Betty Anderson, 25, and her best friend, Dona Wise, 26, looked like ordinary tourists looking for adventure.

In their backpacks they carried professional photographic equipment and in their hands they held the tickets for that morning’s Black Diamond ferry.

Their destination was Hashima Island, better known as Gunanjima, an abandoned concrete labyrinth 9 miles off the coast of Japan that for years had attracted stalkers and history buffs.

According to the coast guard protocol, the ship left the dock at 9 o’clock in the morning.

None of the crew or passengers imagined then that for the two American women that trip would be fatal.

When at 4:30 in the afternoon, the Ferry captain began the mandatory roll call before returning to the mainland, two surnames on the list went unanswered.

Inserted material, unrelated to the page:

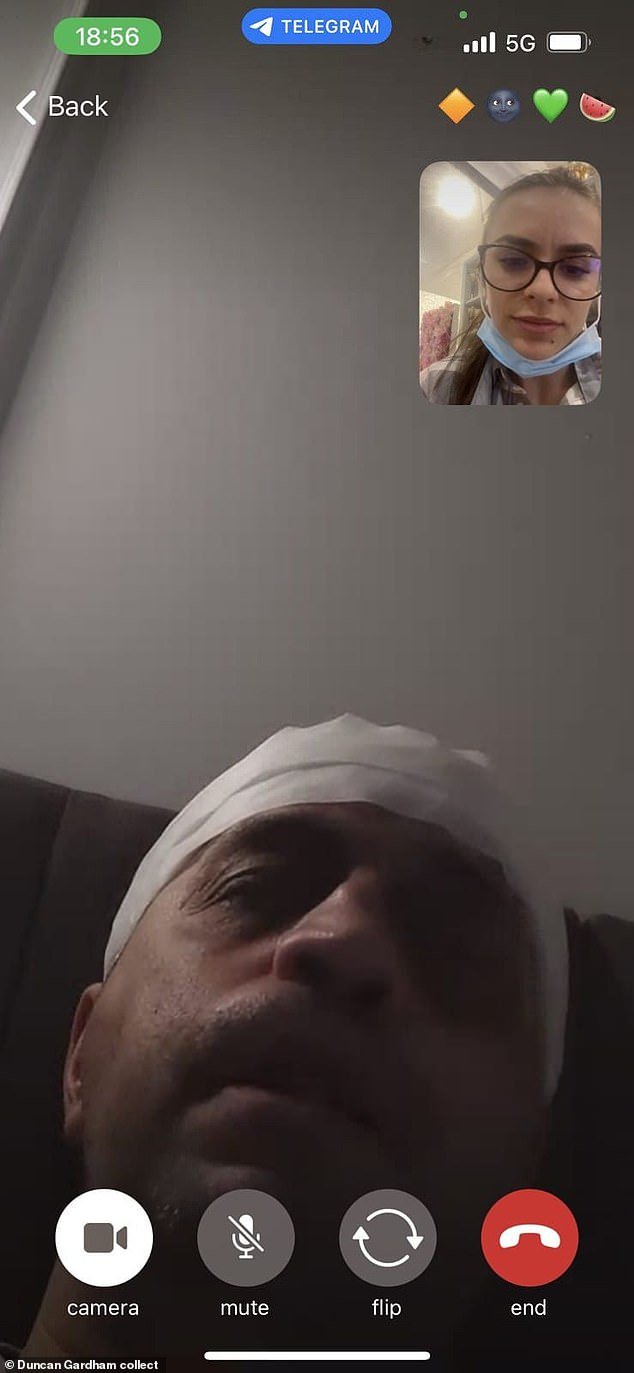Casi al mismo tiempo, tenían una videollamada y él tomó una captura de pantalla que envió a la madre de Desmbazov con un vendaje blanco alrededor de su cabeza.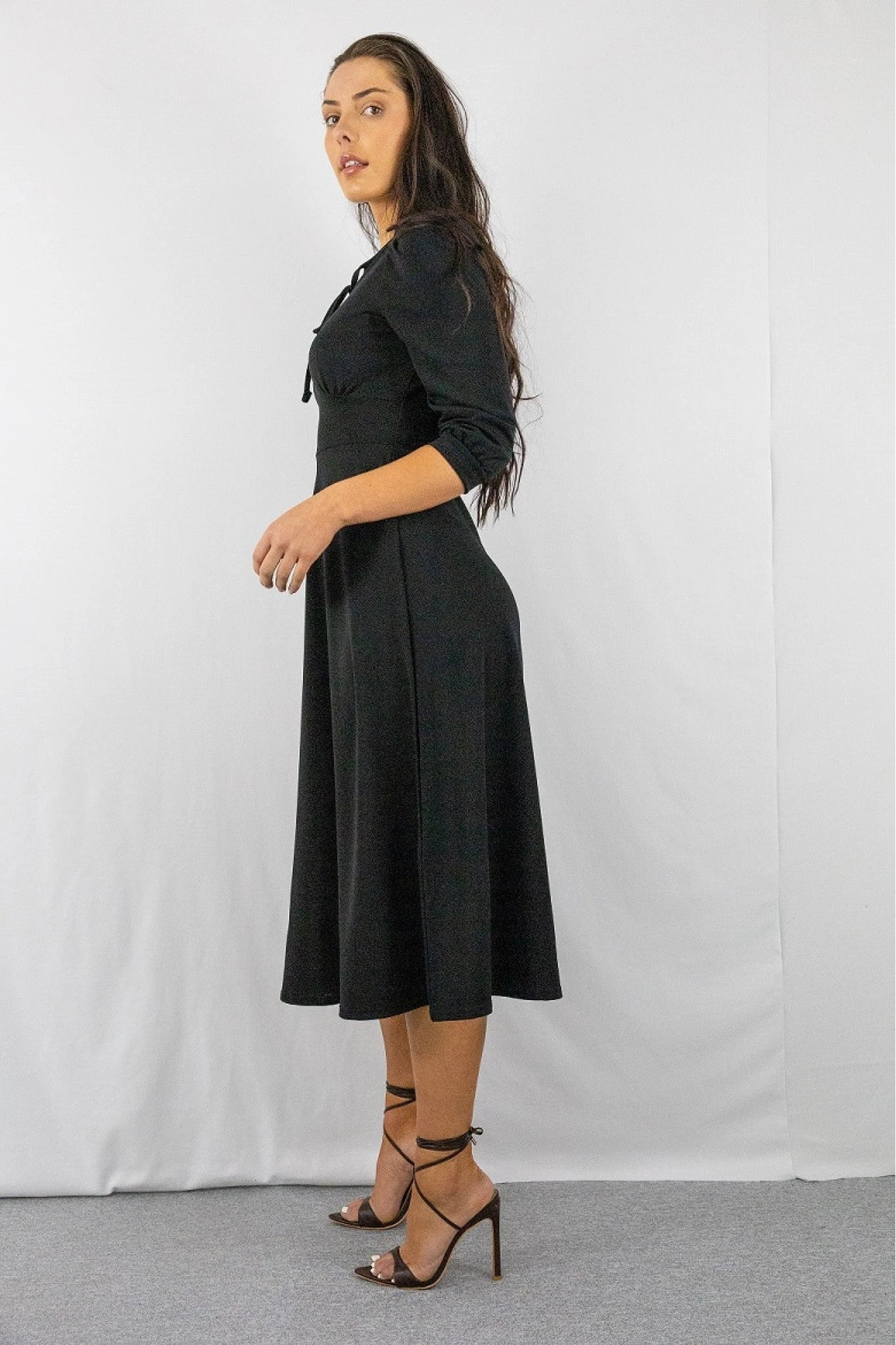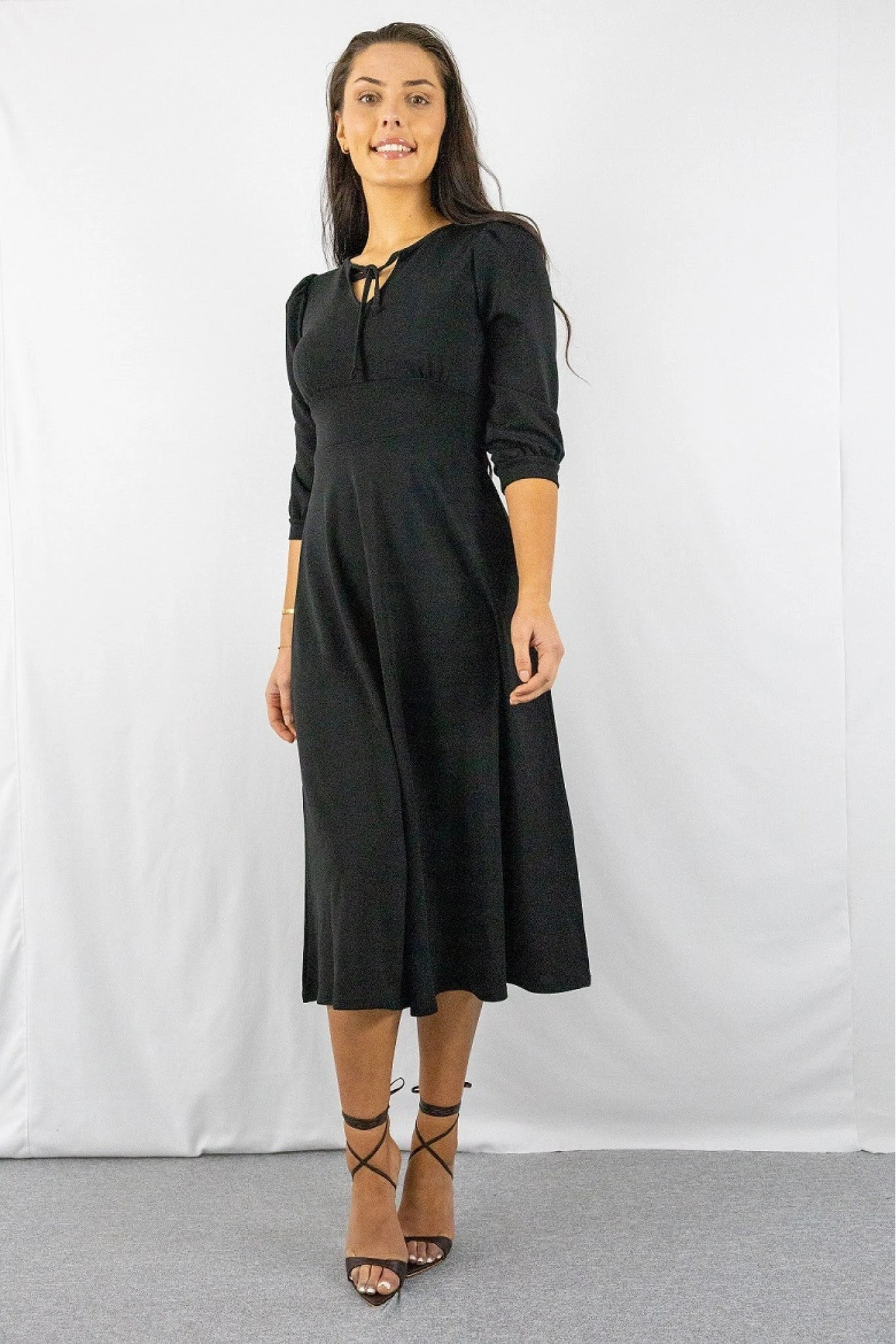 Beautiful Black tie keyhole front midi dress is suitable for your new season wardrobe.This dress is perfect for day wear but just pairing with heels.

Betty and Dona disappeared without a trace among the ruins of the dead city, leaving no trace except for the last images next to the famous stairway to hell.

What seemed like an accident in a dangerous area would later become one of the most terrible secrets that the phantom island had hidden in its flooded cellars for three long years.

On August 14, 2016, the temperature at the Nagasaki port terminal reached 35ºC.

The air was thick and humid, permeated with the smell of salt and diesel fuel.

Among the crowd of tourists crowding the ticket booths, two young American women, Betty Anderson and Dona Wise, seemed better prepared than the rest for the tough journey.

Betty, 25, and her friend, a year older, wore light but covered clothing and carried bulky tactical backpacks on their backs.

It was not a spontaneous excursion.

According to records later found on Dona’s cloud storage, the girls had been planning this trip for over 6 months.

At 9:15 a.m, the Black Diamond ferry set sail from the pier bound for Hashima Island, known worldwide as Gunjima.

There were 143 passengers and six crew members on board.

The deck surveillance cameras recorded the friends checking their equipment.

His arsenal included two professional Sony Alpha cameras, a set of interchangeable lenses, powerful flashlights, and six additional batteries.

They weren’t looking for souvenir photos.

Their target was the so-called Block 65, a grim nine-story building that was once a miners’ residence and was now in the center of the emergency zone, access to which was strictly prohibited.

They arrived on the island at 10:40.

The concrete massif of Gunjima rose above the sea surrounded by a high protective wall.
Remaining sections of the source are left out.